** What you will do **
Restate the data below word for word. Skip any images it contains.

** Provided information **

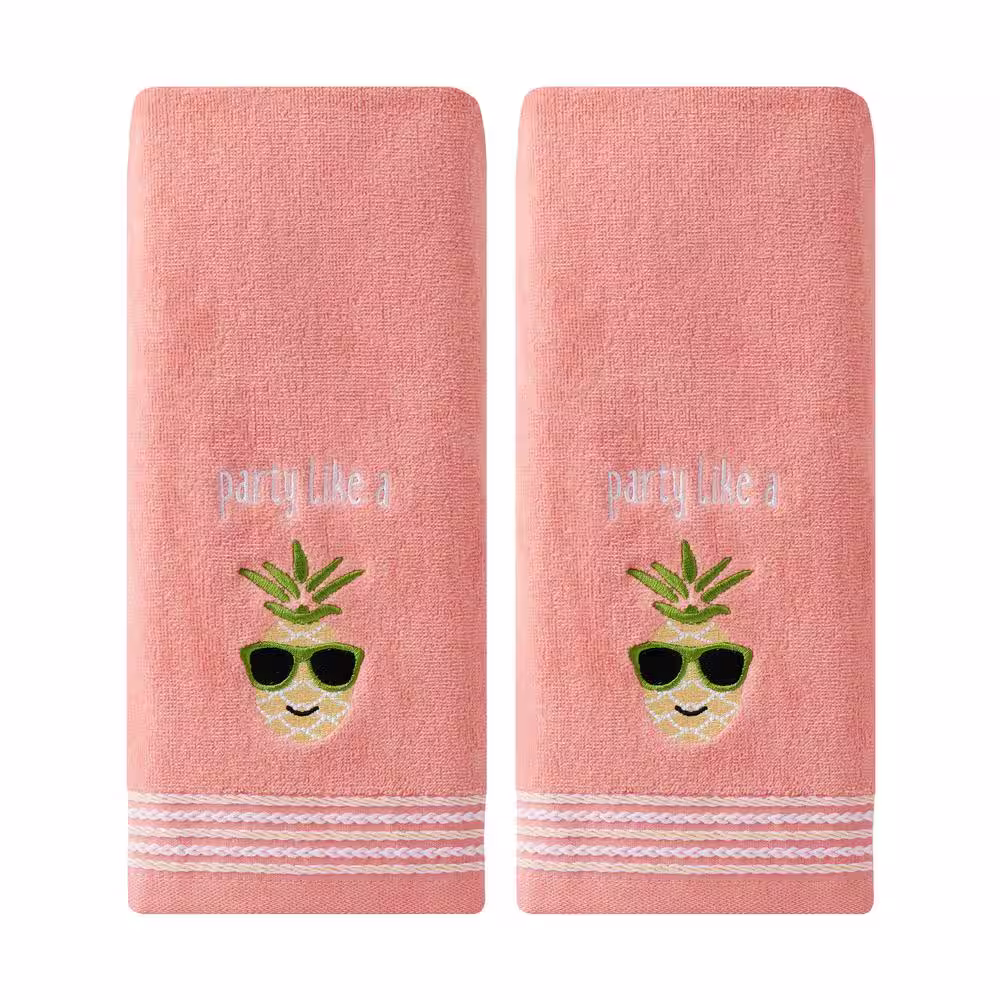 None Coral Pink 100% Cotton Party Pineapple Hand Towel (2-Pack)
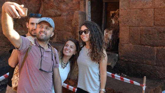 Kalede heykel bulunduğunu öğrenen binlerce kişi, eseri daha yakından görebilmek için kazı alanına geldi.
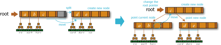 - 分割前の中間ノードがルートだった場合 (中間ノードが親を持たない場合)、新しい中間ノードを作成し 2 つに分離したサブツリーをポイントしてルートをその中間ノードに設定し挿入操作を終了する。
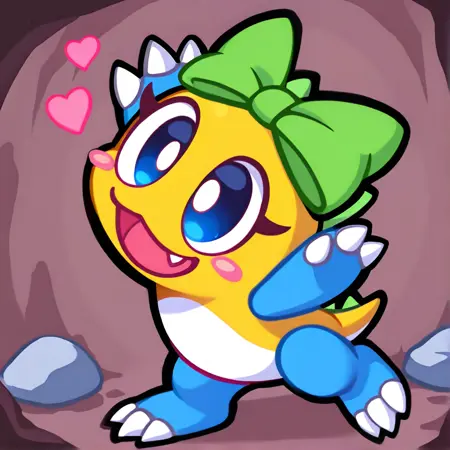 이 사이트에는 버블버블 캐릭터가 완전히 없기 때문에 몇 명을 추가하기로 결정했습니다. 정말 많은 작업이었어요! 이 작업을 위해 스프라이트를 편집하고 콘셉트 아트를 그려야 했습니다. 이 캐릭터들은 버블버블 심포니의 패티, 베티, 페브, 파브입니다. 또한 콘셉트 아트가 전혀 없던 주디도 포함했습니다. 저는 그녀의 작은 NES 스프라이트를 바탕으로 그녀를 그려야 했습니다!
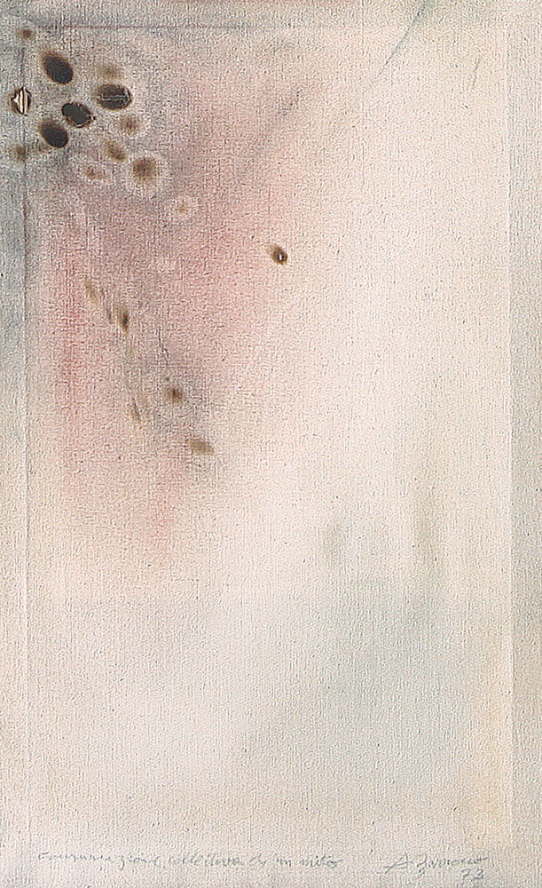 tecnica mista su tela colorata per combustione di fumogeni (da performance) cm. 37x22, firma, titolo e anno in basso, dichiarazione d'autenticità dell'artista su foto.
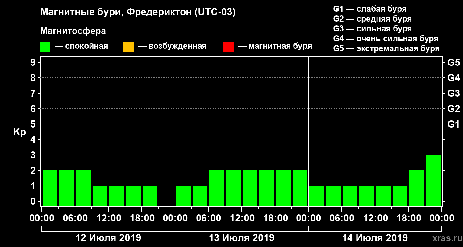 Магнитные бури в Фредериктоне — 14 июля 2019 года

** Exercise output **
 None Coral Pink 100% Cotton Party Pineapple Hand Towel (2-Pack)
 Kalede heykel bulunduğunu öğrenen binlerce kişi, eseri daha yakından görebilmek için kazı alanına geldi.
 - 分割前の中間ノードがルートだった場合 (中間ノードが親を持たない場合)、新しい中間ノードを作成し 2 つに分離したサブツリーをポイントしてルートをその中間ノードに設定し挿入操作を終了する。
 이 사이트에는 버블버블 캐릭터가 완전히 없기 때문에 몇 명을 추가하기로 결정했습니다. 정말 많은 작업이었어요! 이 작업을 위해 스프라이트를 편집하고 콘셉트 아트를 그려야 했습니다. 이 캐릭터들은 버블버블 심포니의 패티, 베티, 페브, 파브입니다. 또한 콘셉트 아트가 전혀 없던 주디도 포함했습니다. 저는 그녀의 작은 NES 스프라이트를 바탕으로 그녀를 그려야 했습니다!
 tecnica mista su tela colorata per combustione di fumogeni (da performance) cm. 37x22, firma, titolo e anno in basso, dichiarazione d'autenticità dell'artista su foto.
 Магнитные бури в Фредериктоне — 14 июля 2019 года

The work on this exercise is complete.